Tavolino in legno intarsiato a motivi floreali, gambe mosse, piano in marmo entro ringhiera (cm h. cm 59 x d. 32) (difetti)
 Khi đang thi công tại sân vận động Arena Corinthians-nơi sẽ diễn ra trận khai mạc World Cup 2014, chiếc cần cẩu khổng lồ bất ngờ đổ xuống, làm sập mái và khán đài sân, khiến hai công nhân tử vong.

__________

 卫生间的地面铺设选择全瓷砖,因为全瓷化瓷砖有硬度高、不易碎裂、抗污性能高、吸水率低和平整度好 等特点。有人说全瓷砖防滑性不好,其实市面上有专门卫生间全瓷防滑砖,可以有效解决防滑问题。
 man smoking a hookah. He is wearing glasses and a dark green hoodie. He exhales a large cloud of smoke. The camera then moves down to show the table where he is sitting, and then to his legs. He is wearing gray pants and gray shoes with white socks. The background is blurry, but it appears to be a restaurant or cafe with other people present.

__________

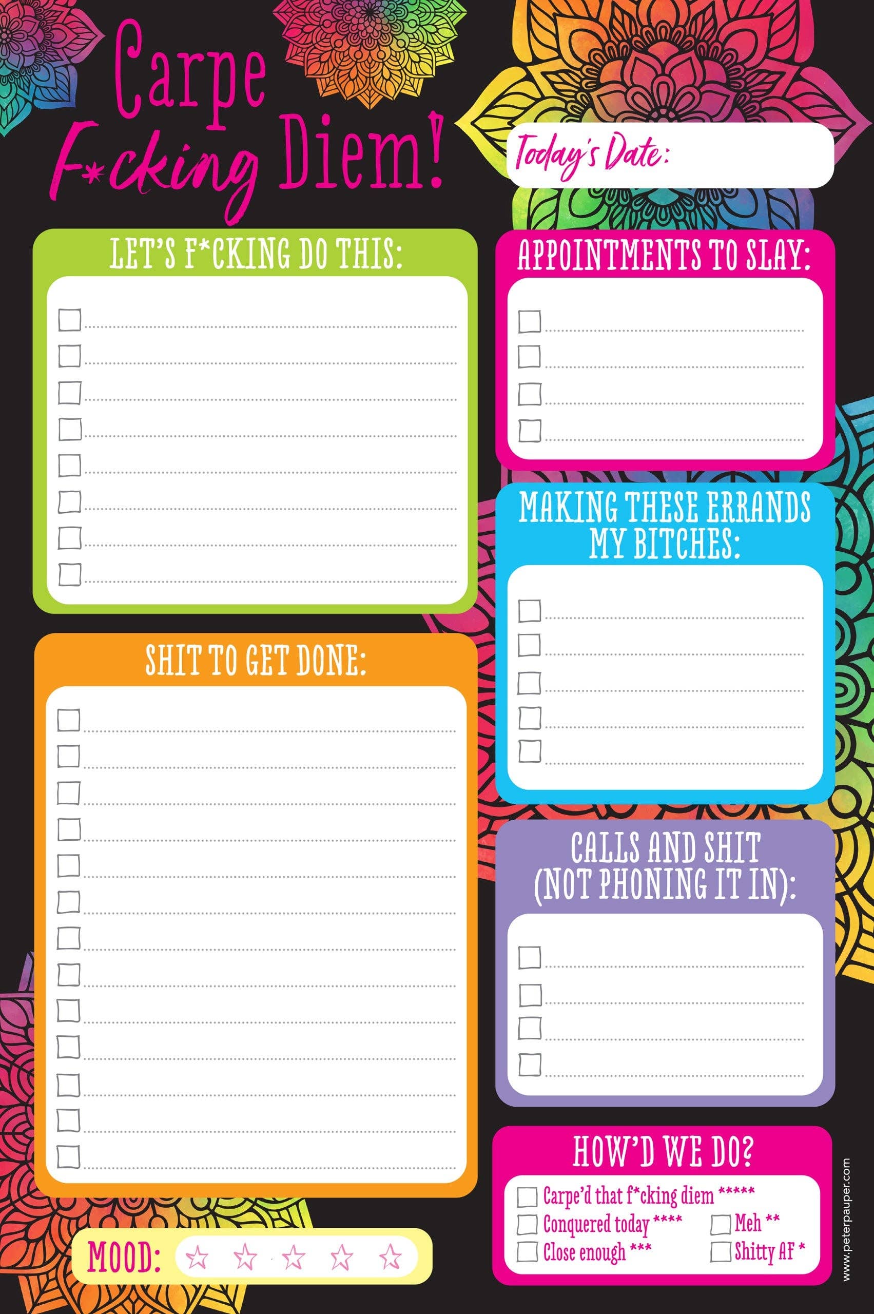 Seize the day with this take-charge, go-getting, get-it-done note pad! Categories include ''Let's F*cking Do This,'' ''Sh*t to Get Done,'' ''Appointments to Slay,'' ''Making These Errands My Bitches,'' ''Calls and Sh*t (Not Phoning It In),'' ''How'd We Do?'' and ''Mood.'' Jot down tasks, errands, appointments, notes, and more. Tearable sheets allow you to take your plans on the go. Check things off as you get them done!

__________

> **WHAT YOU WILL DO**: Reproduce the entries above exactly, but only the lines between the line holding "Tavolino in legno" and the line holding "Khi đang thi", inclusive.

> **WRITTEN SOLUTION**:
Tavolino in legno intarsiato a motivi floreali, gambe mosse, piano in marmo entro ringhiera (cm h. cm 59 x d. 32) (difetti)
 Khi đang thi công tại sân vận động Arena Corinthians-nơi sẽ diễn ra trận khai mạc World Cup 2014, chiếc cần cẩu khổng lồ bất ngờ đổ xuống, làm sập mái và khán đài sân, khiến hai công nhân tử vong.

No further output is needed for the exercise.